Шрифт:
Закладка:
Предварительны, к счастью, и отрицательные результаты: как например, упомянутые выше результаты психотехнических исследований в Ленинграде. Впрочем, такими ошеломляющими они выглядят лишь на первый взгляд. Ведь они служат доказательством не безнадежной глупости кандидатов на поступление в вузы, а только их ограниченности. Молодой человек, который не смог составить простое предложение, возможно, сможет вести собрание, сделать кассовый отчет, пересказать или даже написать одну из обычных для сегодняшнего дня газетных статей – ведь все составные части газетной статьи, речи, доклада уже имеются, отточенные и выверенные: фразы, мировоззрение, аргументы лежат, как в консервных банках, не нужно ничего ни готовить, ни подготавливать. Молодой человек, конечно же, знает, кто такой эксплуататор и кто такой эксплуатируемый, что такое обобществление и политическая реакция, «буржуазная идеология» и забастовка шахтеров в Англии. Вот только не может составить предложение, потому что в нем не развивали умение комбинировать. Его основательно отучили от естественной склонности человеческого разума соединять связанные друг с другом вещи и исключать чуждое. Его кормили устойчивыми, выкованными на века мысленными и словесными комплексами и избавляли от плодотворных усилий по самостоятельному синтезу и анализу. Далее, из страха перед «филологией», которая в России подозревается в буржуазности, его увели от языка, от слова, от логики грамматики к более простой логике «дел» и машин, к более жесткой структуре механизмов и форм человеческого общества. Мстит не филологическое невежество, а искусственное, хотя и не намеренное отчуждение от языка, в законах которого заключена первичная, основополагающая, фундаментальная логика человеческого разума. Из-за страха перед «гуманизмом» ученик лишен всякой «гуманности» в умственном (не этическом) смысле, лишен естественных гуманитарных дарований. Его воспитали как «члена общества» и «специалиста», как верующего оптимиста и фанатика «действительности» и способа ее выражения – статистики. Невероятно, но когда слушатель университета говорит мне о «коммуникации», он вдруг останавливается, сомневается, раздумывает и внезапно спрашивает с решимостью: «Вы знаете, что это такое – „коммуникация“»? – он, бедняга, думает, что «коммуникация» – одно из многочисленных новых русских слов.
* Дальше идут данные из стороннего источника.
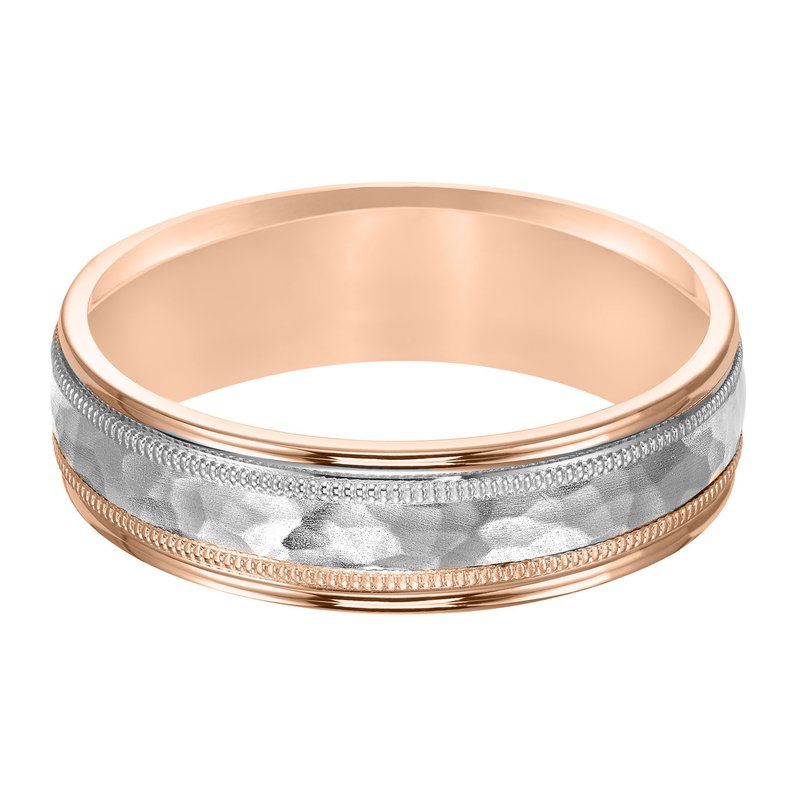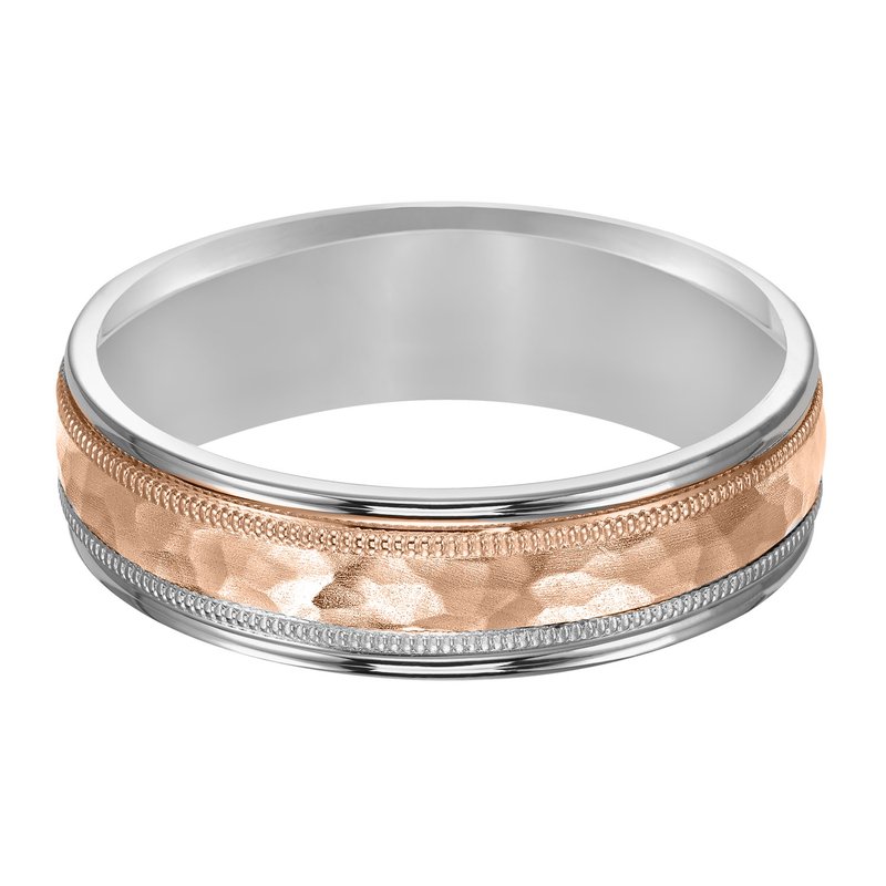Comfort fit two tone wedding band with brushed hammered finish and milgrain Please note hand hammered styles will have slight variations due to the nature of the manufacturing process

Не хочется переоценивать значение случайно подслушанных признаний. И я вовсе не считаю результаты ленинградских психотехнических исследований типичными. Они лишь разъясняют существующее в данный момент положение вещей. Они лишь объясняют, почему пока что новые методы в Советской России не оправдывают надежд. Состояние не хроническое, но требующее безотлагательных решений. Теоретически возможно, что и в России системы обучения добьются лучших успехов и обеспечат более совершенное образование.
Финал
(Перевод Ирины Алексеевой)
Молодой русский – это «комсомолец»: ему приходится не только маршировать, барабанить, организовывать, возглавлять – он должен наполнять себя «идеологией», быть «гражданином», заседать в «комиссиях» и решать, что делать на следующей неделе, созывать собрания, где «утверждаются резолюции» – «против» или «за» какого-то учителя, книгу, театральную постановку, он должен написать «заметку» в газету, «взять шефство» над деревней, фабрикой, бездомными детьми. Никто и не подозревает, как сложно быть гражданином. Надо идти на фабрики, чтобы изучать там «жизнь», ведь жизнь – это «вечное движение», а интенсивность жизни измеряется количеством «дымящих труб».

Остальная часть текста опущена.